▶ [Instructions to follow]: Would you please return the lines of the entries below starting at the line that has "Front Cover photo" and ending at the line that has "19 Existing Front Elevation Scale: 1:100", both included, exactly as they are?

(Records contained in a dataset)
★ ★ ★ ★ ★

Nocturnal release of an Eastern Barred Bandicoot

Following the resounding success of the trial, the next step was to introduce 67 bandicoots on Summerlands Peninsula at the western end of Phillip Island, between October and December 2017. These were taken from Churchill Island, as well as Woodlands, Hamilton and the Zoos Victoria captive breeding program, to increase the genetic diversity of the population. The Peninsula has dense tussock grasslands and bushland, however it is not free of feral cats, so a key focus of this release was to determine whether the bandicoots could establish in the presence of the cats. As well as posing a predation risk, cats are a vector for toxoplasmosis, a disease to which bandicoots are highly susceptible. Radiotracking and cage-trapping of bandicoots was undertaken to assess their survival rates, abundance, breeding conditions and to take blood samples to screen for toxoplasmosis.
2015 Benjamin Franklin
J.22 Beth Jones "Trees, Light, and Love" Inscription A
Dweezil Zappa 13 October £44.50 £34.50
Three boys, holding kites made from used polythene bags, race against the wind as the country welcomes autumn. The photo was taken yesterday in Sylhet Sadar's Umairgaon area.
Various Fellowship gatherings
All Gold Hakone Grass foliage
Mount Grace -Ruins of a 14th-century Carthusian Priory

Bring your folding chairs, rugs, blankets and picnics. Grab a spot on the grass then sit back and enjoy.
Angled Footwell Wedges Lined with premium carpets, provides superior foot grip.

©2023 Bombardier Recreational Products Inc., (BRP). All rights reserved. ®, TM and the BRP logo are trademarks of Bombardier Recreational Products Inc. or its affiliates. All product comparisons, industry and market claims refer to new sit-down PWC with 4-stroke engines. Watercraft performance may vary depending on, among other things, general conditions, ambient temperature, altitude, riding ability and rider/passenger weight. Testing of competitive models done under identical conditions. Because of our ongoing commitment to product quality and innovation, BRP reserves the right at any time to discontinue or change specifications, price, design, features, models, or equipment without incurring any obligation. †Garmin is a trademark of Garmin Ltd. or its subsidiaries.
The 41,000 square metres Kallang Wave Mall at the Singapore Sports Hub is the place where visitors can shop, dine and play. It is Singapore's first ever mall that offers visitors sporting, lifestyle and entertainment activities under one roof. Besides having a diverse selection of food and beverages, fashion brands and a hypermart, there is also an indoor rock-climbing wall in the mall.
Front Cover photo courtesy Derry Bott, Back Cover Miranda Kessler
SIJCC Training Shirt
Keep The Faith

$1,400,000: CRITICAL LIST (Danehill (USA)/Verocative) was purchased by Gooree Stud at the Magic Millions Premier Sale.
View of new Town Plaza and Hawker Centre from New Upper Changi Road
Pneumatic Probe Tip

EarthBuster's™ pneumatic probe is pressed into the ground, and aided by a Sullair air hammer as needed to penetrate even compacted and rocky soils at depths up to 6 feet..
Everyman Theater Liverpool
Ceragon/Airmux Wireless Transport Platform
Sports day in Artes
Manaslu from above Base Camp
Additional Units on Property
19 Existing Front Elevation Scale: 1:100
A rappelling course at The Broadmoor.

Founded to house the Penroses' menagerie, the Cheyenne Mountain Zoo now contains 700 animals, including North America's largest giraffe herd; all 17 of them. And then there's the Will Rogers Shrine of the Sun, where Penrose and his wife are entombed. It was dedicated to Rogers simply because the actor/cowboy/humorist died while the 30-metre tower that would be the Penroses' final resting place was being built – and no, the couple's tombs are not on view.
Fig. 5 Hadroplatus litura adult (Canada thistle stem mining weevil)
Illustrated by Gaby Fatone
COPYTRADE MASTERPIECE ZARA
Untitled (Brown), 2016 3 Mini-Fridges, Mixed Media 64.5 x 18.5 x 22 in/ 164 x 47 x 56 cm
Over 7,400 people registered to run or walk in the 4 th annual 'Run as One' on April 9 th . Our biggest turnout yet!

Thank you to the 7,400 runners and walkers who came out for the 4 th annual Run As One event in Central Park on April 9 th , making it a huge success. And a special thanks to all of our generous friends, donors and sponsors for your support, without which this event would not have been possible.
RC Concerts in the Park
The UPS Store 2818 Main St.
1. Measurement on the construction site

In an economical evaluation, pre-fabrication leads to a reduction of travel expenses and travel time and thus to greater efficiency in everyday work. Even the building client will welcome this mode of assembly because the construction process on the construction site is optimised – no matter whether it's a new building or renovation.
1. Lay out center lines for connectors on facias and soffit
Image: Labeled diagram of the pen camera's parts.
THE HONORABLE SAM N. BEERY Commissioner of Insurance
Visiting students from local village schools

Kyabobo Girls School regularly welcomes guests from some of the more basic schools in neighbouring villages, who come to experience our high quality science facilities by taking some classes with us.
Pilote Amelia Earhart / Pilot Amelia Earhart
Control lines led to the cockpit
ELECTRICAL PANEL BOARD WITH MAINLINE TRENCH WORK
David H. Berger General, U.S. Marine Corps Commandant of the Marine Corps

★ ★ ★ ★ ★

▶ [Answer space]:
Front Cover photo courtesy Derry Bott, Back Cover Miranda Kessler
SIJCC Training Shirt
Keep The Faith

$1,400,000: CRITICAL LIST (Danehill (USA)/Verocative) was purchased by Gooree Stud at the Magic Millions Premier Sale.
View of new Town Plaza and Hawker Centre from New Upper Changi Road
Pneumatic Probe Tip

EarthBuster's™ pneumatic probe is pressed into the ground, and aided by a Sullair air hammer as needed to penetrate even compacted and rocky soils at depths up to 6 feet..
Everyman Theater Liverpool
Ceragon/Airmux Wireless Transport Platform
Sports day in Artes
Manaslu from above Base Camp
Additional Units on Property
19 Existing Front Elevation Scale: 1:100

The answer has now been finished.